**WORK ORDER**
The required output is the exact run of lines in the listing below from the line holding "学院师生在走访过程中受到热情" through the line holding "St. Hanshaugens apotek", with no pictures.

**DATA FOR THIS EXERCISE**
* * * *

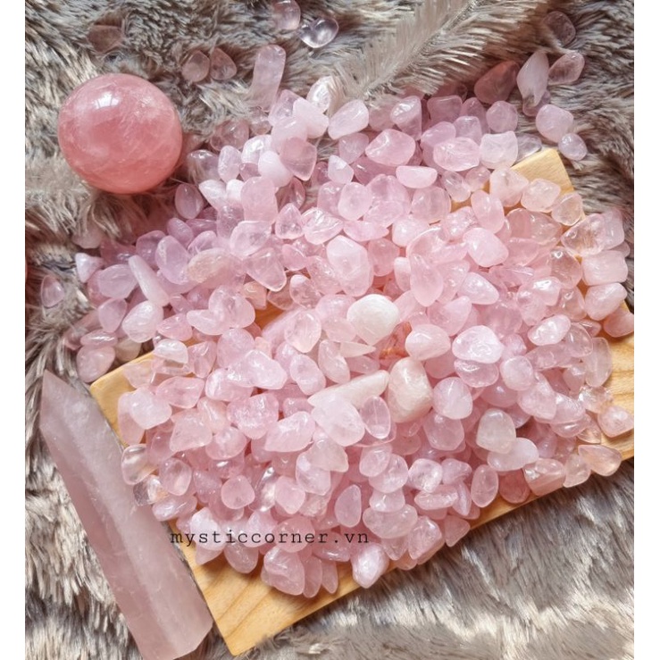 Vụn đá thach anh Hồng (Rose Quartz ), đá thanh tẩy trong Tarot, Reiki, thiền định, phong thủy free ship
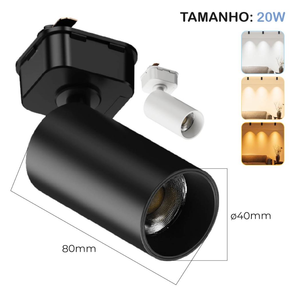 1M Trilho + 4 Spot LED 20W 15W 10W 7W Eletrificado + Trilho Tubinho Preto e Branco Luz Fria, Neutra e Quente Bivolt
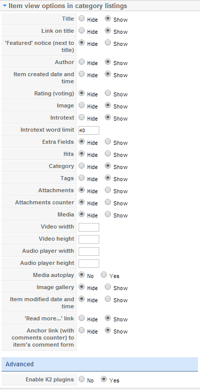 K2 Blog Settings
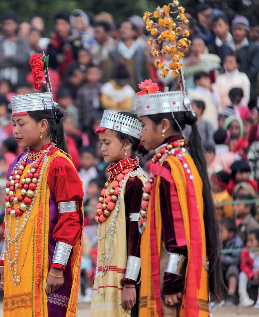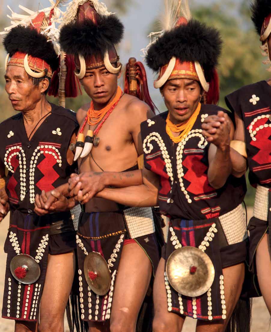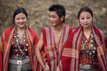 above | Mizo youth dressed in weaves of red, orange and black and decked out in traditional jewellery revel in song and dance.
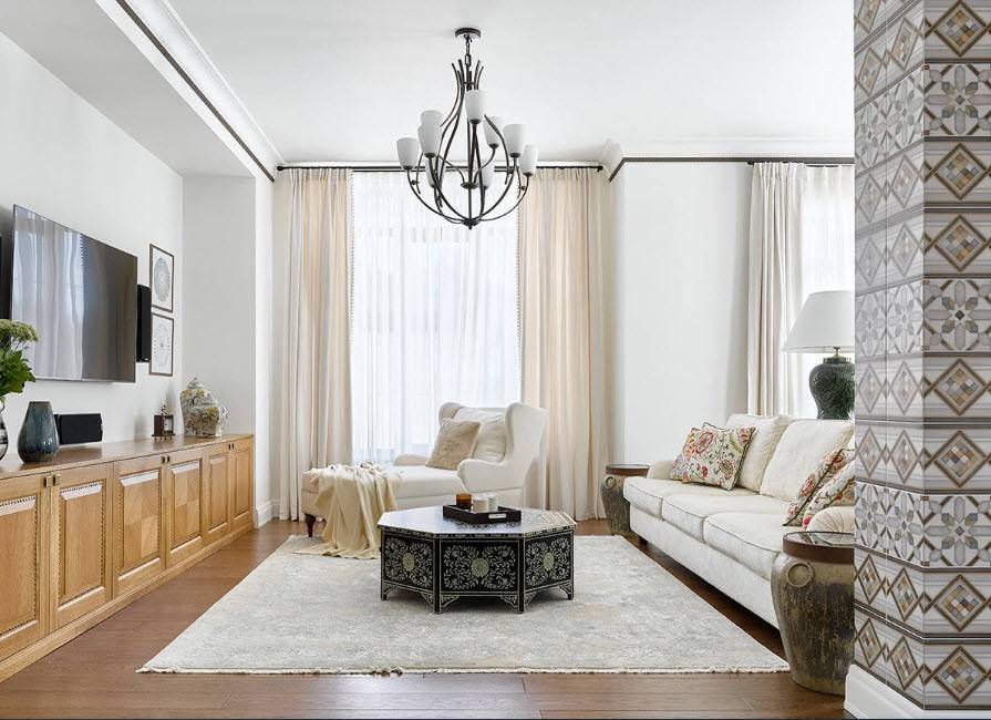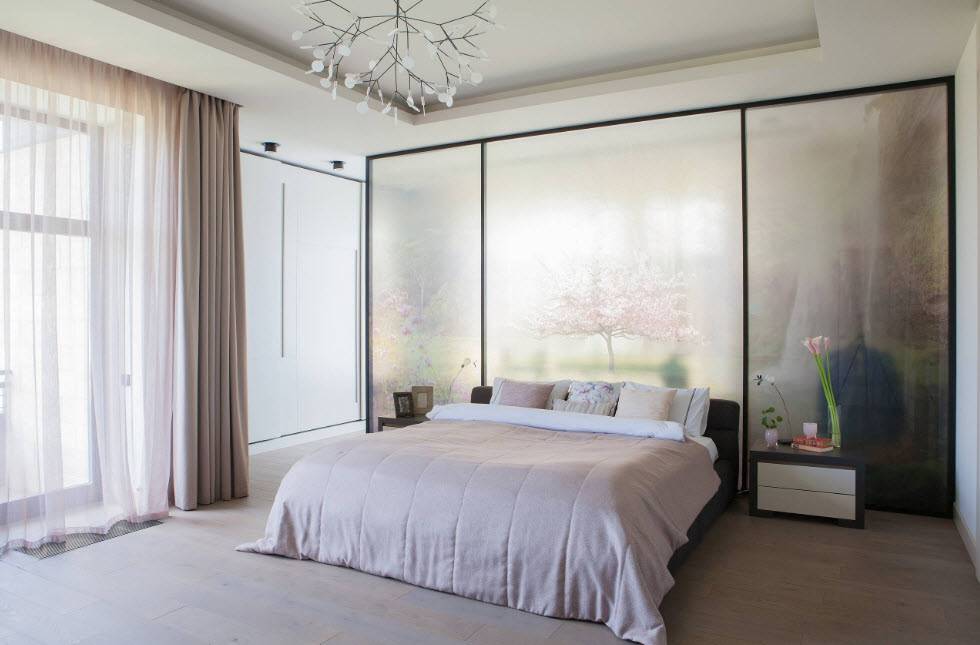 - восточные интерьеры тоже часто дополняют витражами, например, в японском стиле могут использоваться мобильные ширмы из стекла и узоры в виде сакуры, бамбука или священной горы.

* * * *

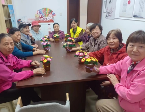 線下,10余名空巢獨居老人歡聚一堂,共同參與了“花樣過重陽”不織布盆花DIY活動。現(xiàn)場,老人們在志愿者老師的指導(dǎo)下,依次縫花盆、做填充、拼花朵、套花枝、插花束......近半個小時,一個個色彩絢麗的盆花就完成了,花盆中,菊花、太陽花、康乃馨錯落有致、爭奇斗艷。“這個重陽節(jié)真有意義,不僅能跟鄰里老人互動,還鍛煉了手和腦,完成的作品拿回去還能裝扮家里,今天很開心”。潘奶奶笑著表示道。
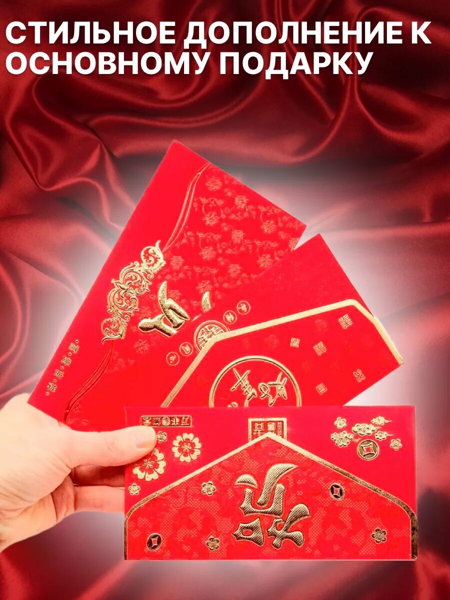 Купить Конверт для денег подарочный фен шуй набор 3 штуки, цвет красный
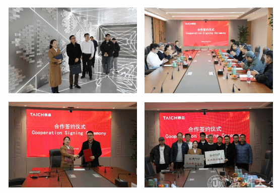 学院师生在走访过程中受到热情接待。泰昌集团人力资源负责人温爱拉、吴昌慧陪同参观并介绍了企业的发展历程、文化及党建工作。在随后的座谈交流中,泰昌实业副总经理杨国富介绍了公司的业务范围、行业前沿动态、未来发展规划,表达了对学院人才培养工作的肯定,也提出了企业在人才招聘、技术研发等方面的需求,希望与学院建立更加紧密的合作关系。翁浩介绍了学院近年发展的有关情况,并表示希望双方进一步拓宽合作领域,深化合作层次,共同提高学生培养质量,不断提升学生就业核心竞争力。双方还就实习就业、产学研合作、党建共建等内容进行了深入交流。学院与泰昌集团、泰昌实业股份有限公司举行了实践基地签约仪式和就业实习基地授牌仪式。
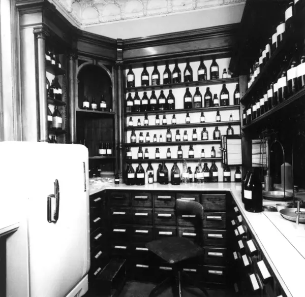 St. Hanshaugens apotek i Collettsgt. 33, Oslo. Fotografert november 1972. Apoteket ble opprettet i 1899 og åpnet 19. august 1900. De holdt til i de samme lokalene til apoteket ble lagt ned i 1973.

* * * *

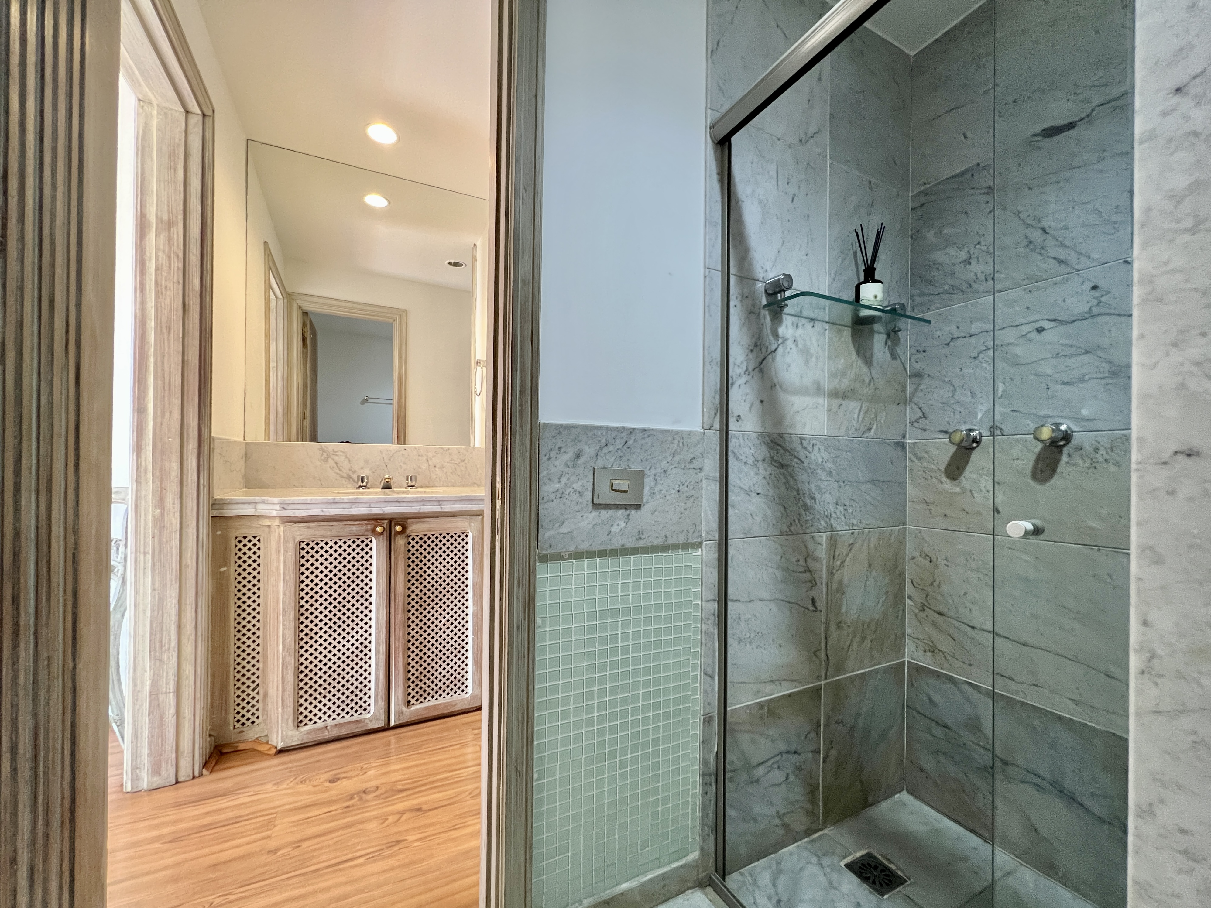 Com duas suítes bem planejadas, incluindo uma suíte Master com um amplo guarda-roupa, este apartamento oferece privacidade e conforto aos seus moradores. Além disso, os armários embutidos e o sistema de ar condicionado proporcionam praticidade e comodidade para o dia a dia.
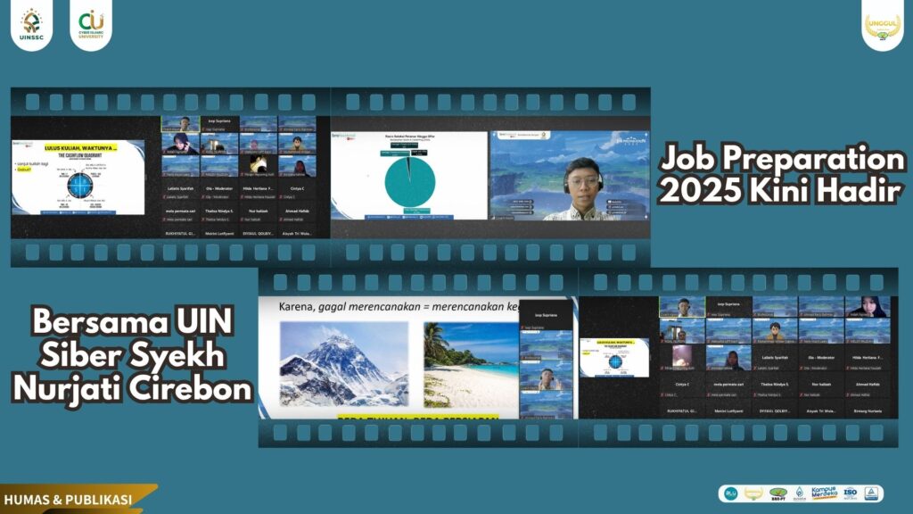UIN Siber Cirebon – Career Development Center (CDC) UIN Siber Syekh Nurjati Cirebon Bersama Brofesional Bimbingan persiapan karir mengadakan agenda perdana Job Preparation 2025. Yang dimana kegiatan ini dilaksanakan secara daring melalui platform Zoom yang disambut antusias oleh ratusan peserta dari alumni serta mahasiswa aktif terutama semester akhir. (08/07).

* * * *

**EXERCISE RESULT**
 学院师生在走访过程中受到热情接待。泰昌集团人力资源负责人温爱拉、吴昌慧陪同参观并介绍了企业的发展历程、文化及党建工作。在随后的座谈交流中,泰昌实业副总经理杨国富介绍了公司的业务范围、行业前沿动态、未来发展规划,表达了对学院人才培养工作的肯定,也提出了企业在人才招聘、技术研发等方面的需求,希望与学院建立更加紧密的合作关系。翁浩介绍了学院近年发展的有关情况,并表示希望双方进一步拓宽合作领域,深化合作层次,共同提高学生培养质量,不断提升学生就业核心竞争力。双方还就实习就业、产学研合作、党建共建等内容进行了深入交流。学院与泰昌集团、泰昌实业股份有限公司举行了实践基地签约仪式和就业实习基地授牌仪式。
 St. Hanshaugens apotek i Collettsgt. 33, Oslo. Fotografert november 1972. Apoteket ble opprettet i 1899 og åpnet 19. august 1900. De holdt til i de samme lokalene til apoteket ble lagt ned i 1973.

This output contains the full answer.